> [DESCRIPTION OF THE TASK]:
Images are not part of the copy; transcribe all the data exactly.

> [RAW DATA]:
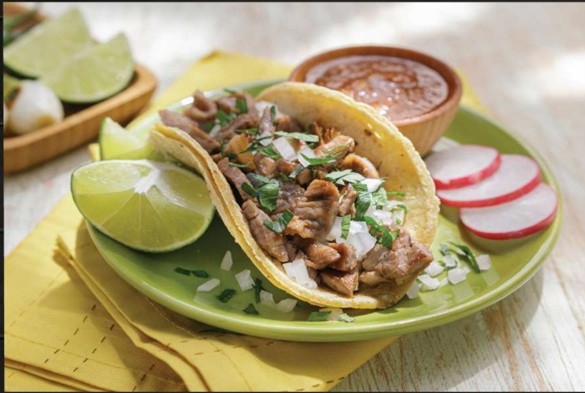
TACO Choice of Meat, Onions & Cilantro $2 69
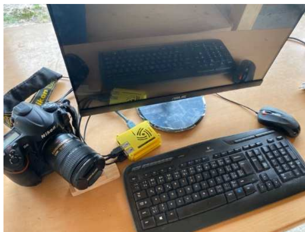
Fig. 5. The final set of the photo booth

The final set of the photo booth. In Fig. 5, we can see all the hardware components connected. The total cost of new components for the photo booth we have built (without the cabin) would be about 750 Euros. The estimated price of the photo booth cabin made of wood would be approximately 250 Euros. Its design is displayed in Fig. 6 – its dimensions are 60x60x23cm, estimated weight is about 13 kg.
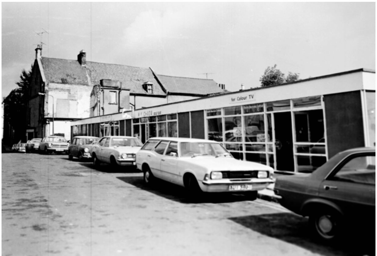
Richmond Street, circa 1973

> [TASK ANSWER]:
TACO Choice of Meat, Onions & Cilantro $2 69
Fig. 5. The final set of the photo booth

The final set of the photo booth. In Fig. 5, we can see all the hardware components connected. The total cost of new components for the photo booth we have built (without the cabin) would be about 750 Euros. The estimated price of the photo booth cabin made of wood would be approximately 250 Euros. Its design is displayed in Fig. 6 – its dimensions are 60x60x23cm, estimated weight is about 13 kg.
Richmond Street, circa 1973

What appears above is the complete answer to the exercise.